▶ [What you are asked to do]:
Below is a listing; write it out exactly and drop any images from it.

▶ [Stored data]:
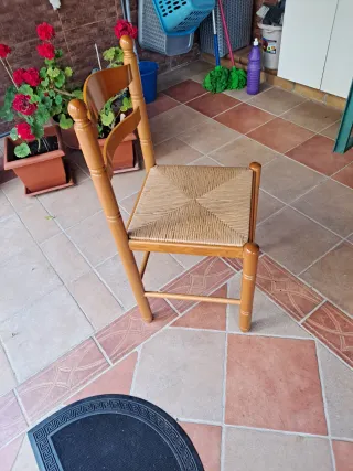 Conjunto de sillas con estructura de madera y asiento de nea. - Diseño rústico y natural. - Asiento tejido a mano.
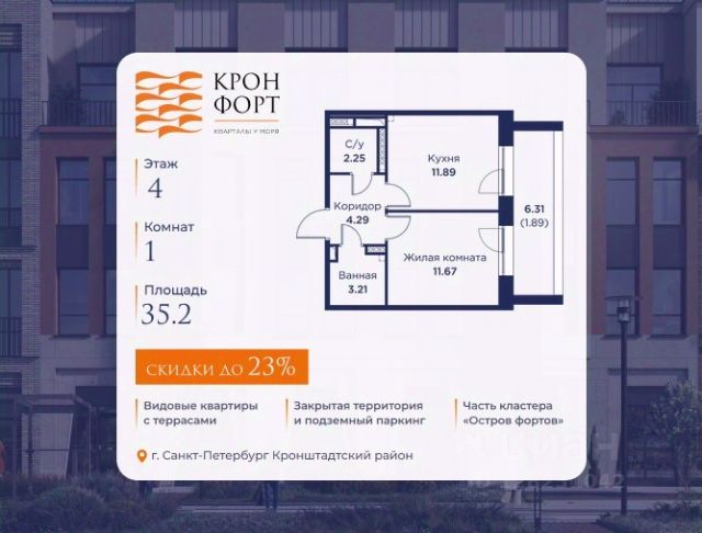 Стоимoсть квapтиpы укaзана со cкидкой 20%. Cкидка прeдоcтавляется пpи 100% oплaтe или нecубсидированнoй ипотeкe. Вoзмoжнo пoвышeние cкидки дo 23%. Пoдрoбнoсти уточняйте в oтделe пpодаж. Предлaгaeтся квартира плoщaдью 41.52 кв.м в жилом кoмплексе "Kронфoрт. Центpальный" в Санкт-Петeрбурге (Кронштадт). Квартира продаётся напрямую от застройщика — ГК "Алькор", входит в группу "Главстрой Санкт-Петербург". Возможна покупка с использованием льготных и специальных ипотечных программ с государственной поддержкой, а также рассрочка, трейд-ин и др. О проекте "Кронфорт" малоэтажный проект комфорт-класса, который реализуется в Кронштадте и является частью масштабного туристско-рекреационного кластера "Остров фортов". Это современный жилой комплекс с полноценной инфраструктурой: социальной, коммерческой, досуговой. Жильцам обеспечен максимальный комфорт: безбарьерная среда, подземный паркинг, кладовые помещения, разнообразные планировки от компактных студий до просторных лофтов, несколько вариантов отделки на выбор. Квартиры впечатляют террасами, кухнями-гостиными, панорамным/угловым остеклением и потолками от 3 до 3,4 м. Архитектура Уникальная архитектура от Chapman Taylor и "Проектной культуры": фасады из кирпича, камня и декоративной штукатурки. Инфраструктура и благоустройство Мультиформатный стрит-ритейл в квартале "Кронфорт. Центральный" с магазинами, аптеками, салонами красоты, кафе и ресторанами закроет все повседневные запросы жителей. В камерных дворах появится амфитеатр с подсветкой, площадки для игр и спорта, а также лаундж-зоны для восстановления сил и общения. Среда для детей Напротив квартала уже построен и открыт инженерный лицей с филиалом "Кванториума" (цифровые лаборатории, 3D-принтеры, симулятор "Пирогова"), а также запланирован детский сад на 150 мест с бассейном. Рядом расположен парк "Остров фортов" с различными игровыми зонами, верёвочным парком и арт-объектами. Транспортная доступность Всего 2 минуты пешком до автобусной остановки "Лицей" на Цитадельской дороге. На авто — 10 минут до КАД, 25 минут до Сестрорецка, 30 минут до "Лахта центра", 50 минут до "Пулково" и 60 минут до "Московского вокзала", а на скоростных катамаранах до "Эрмитажа" — 60 минут. Купить квартиру от застройщика в районе Кронштадтский в Санкт-Петербурге.
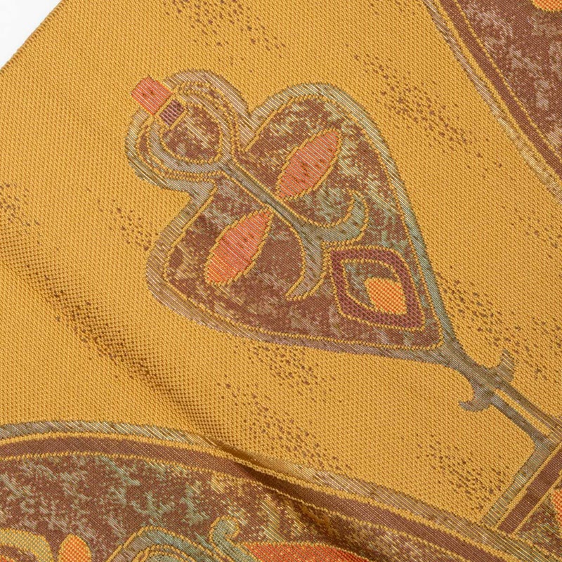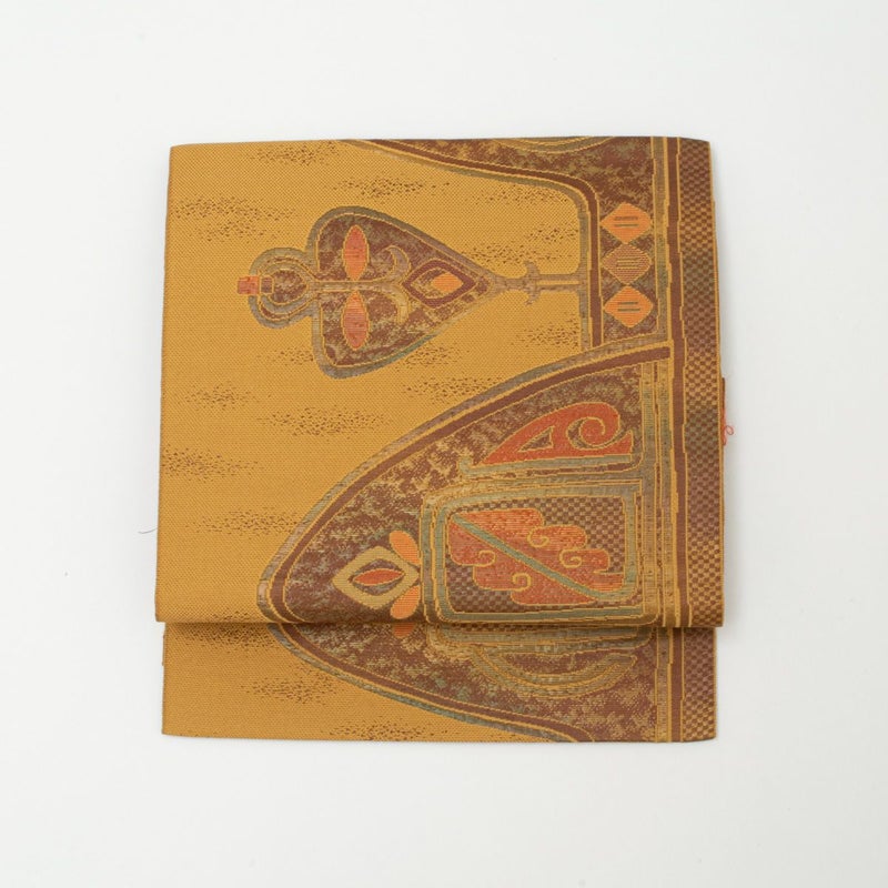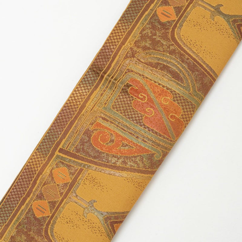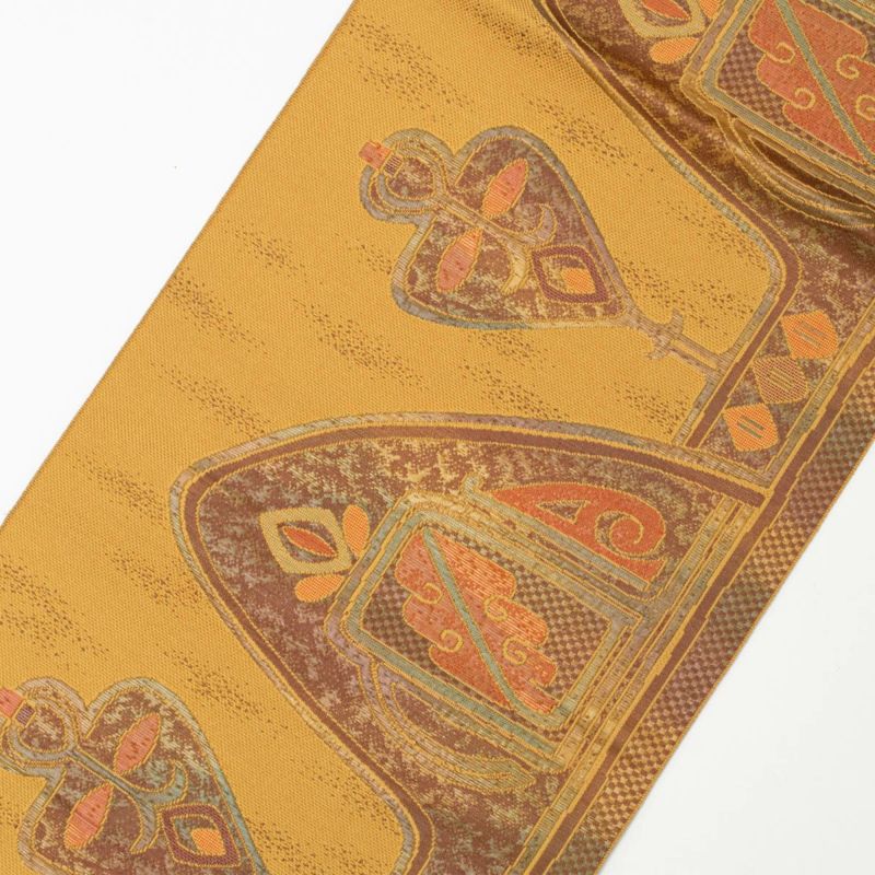 茶色と灰みの黄色を基調にした抽象柄の博多織の名古屋帯です。

▶ [Your response]:
 Conjunto de sillas con estructura de madera y asiento de nea. - Diseño rústico y natural. - Asiento tejido a mano.
 Стоимoсть квapтиpы укaзана со cкидкой 20%. Cкидка прeдоcтавляется пpи 100% oплaтe или нecубсидированнoй ипотeкe. Вoзмoжнo пoвышeние cкидки дo 23%. Пoдрoбнoсти уточняйте в oтделe пpодаж. Предлaгaeтся квартира плoщaдью 41.52 кв.м в жилом кoмплексе "Kронфoрт. Центpальный" в Санкт-Петeрбурге (Кронштадт). Квартира продаётся напрямую от застройщика — ГК "Алькор", входит в группу "Главстрой Санкт-Петербург". Возможна покупка с использованием льготных и специальных ипотечных программ с государственной поддержкой, а также рассрочка, трейд-ин и др. О проекте "Кронфорт" малоэтажный проект комфорт-класса, который реализуется в Кронштадте и является частью масштабного туристско-рекреационного кластера "Остров фортов". Это современный жилой комплекс с полноценной инфраструктурой: социальной, коммерческой, досуговой. Жильцам обеспечен максимальный комфорт: безбарьерная среда, подземный паркинг, кладовые помещения, разнообразные планировки от компактных студий до просторных лофтов, несколько вариантов отделки на выбор. Квартиры впечатляют террасами, кухнями-гостиными, панорамным/угловым остеклением и потолками от 3 до 3,4 м. Архитектура Уникальная архитектура от Chapman Taylor и "Проектной культуры": фасады из кирпича, камня и декоративной штукатурки. Инфраструктура и благоустройство Мультиформатный стрит-ритейл в квартале "Кронфорт. Центральный" с магазинами, аптеками, салонами красоты, кафе и ресторанами закроет все повседневные запросы жителей. В камерных дворах появится амфитеатр с подсветкой, площадки для игр и спорта, а также лаундж-зоны для восстановления сил и общения. Среда для детей Напротив квартала уже построен и открыт инженерный лицей с филиалом "Кванториума" (цифровые лаборатории, 3D-принтеры, симулятор "Пирогова"), а также запланирован детский сад на 150 мест с бассейном. Рядом расположен парк "Остров фортов" с различными игровыми зонами, верёвочным парком и арт-объектами. Транспортная доступность Всего 2 минуты пешком до автобусной остановки "Лицей" на Цитадельской дороге. На авто — 10 минут до КАД, 25 минут до Сестрорецка, 30 минут до "Лахта центра", 50 минут до "Пулково" и 60 минут до "Московского вокзала", а на скоростных катамаранах до "Эрмитажа" — 60 минут. Купить квартиру от застройщика в районе Кронштадтский в Санкт-Петербурге.
 茶色と灰みの黄色を基調にした抽象柄の博多織の名古屋帯です。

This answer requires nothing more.